Hi! My name is LucIA, I'm a LuxAI Gammer based in Behavioral Ttrees. I'm here to show you how I am programmed and to get you started on behavioural trees.
Before going any further into myself, I'm programmed to play the Lux Kaggle Competition. You can read all competition rules, this may be a bit of a learning curve and you can skip it if you are only interested in me but make sure to read it before modify my behaviour.
You can check the rules and logic in the folder doc
-
City: this is the behaviour logic for city actions. This means everytime a city is going to decide what to do in each turn it will follow this tree. First, we need to check if the city can make an action (there's a cooldown factor everytime an action is performed). If the city can act, then the action selector is activated and one of both sequences is performed. The city will try to build a worker, if it can't it will turn over the reseach sequence.
-
Worker: this tree explains the worker behaviour. Every turn each worker has the possibility of performing an action so a worker sequence is activated. First the worker checks if they can act. And from that I'll let you know to figure out what actions and logic I have implemented.
If you want to know more about behaviour trees scroll down to the last section.
Do you want to play a game? The Lux repository has a detailed guide on installing dependencies. Here are the main steps:
- python >=3.7
- nodeJS >=12
- luxAI node package. Installation:
$ npm install -g @lux-ai/2021-challenge@latest
- all packages in
requierements.txt
. Installation:
$ pip install -r requirements.txt
After installing all dependencies open the visualizer.ipynb
to run and watch games!
$ jupyter notebook visualizer.ipynb
This will give you the visualizer to watch the game and minimally interact with the play such as this
The seed
parameter will give you different maps and you can see how the map affects the implemented behaviour.
env = make("lux_ai_2021", configuration={"seed": 666, "loglevel": 0, "annotations": True}, debug=True)
env.render(mode="ipython", width=1000, height=800)

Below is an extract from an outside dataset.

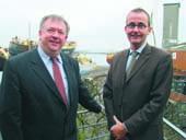 Havnedirektør Henning Laursen (tv) og adm. direktør i Uniscrap A/S, Per Lykke Thomsen, glæder sig begge to over en aftale, der er ensbetydende med, at virksomheden flytter sin hovedafdeling til Grenaa. Havnen får en god kunde, mens Uniscrap får mulighed for at vokse.

Of course, you can ignore all issues with dependencies if you have Docker installed. You can jump directly into visualizing a game.
First, you'll need to build the image.
docker build -t lucia_lite .
Now, you can launch Jupyter in your browser by running a container.
docker run -v $(pwd):/root -p 8888:8888 -it --rm lucia_lite:latest
A behaviour tree is a model of a plan execution. They describe a series of tasks performed under rules. One main advantage is that the behaviour can be very complex only by using simple tasks, and another one is that the behaviour is completely predictable given the stage of rules already set.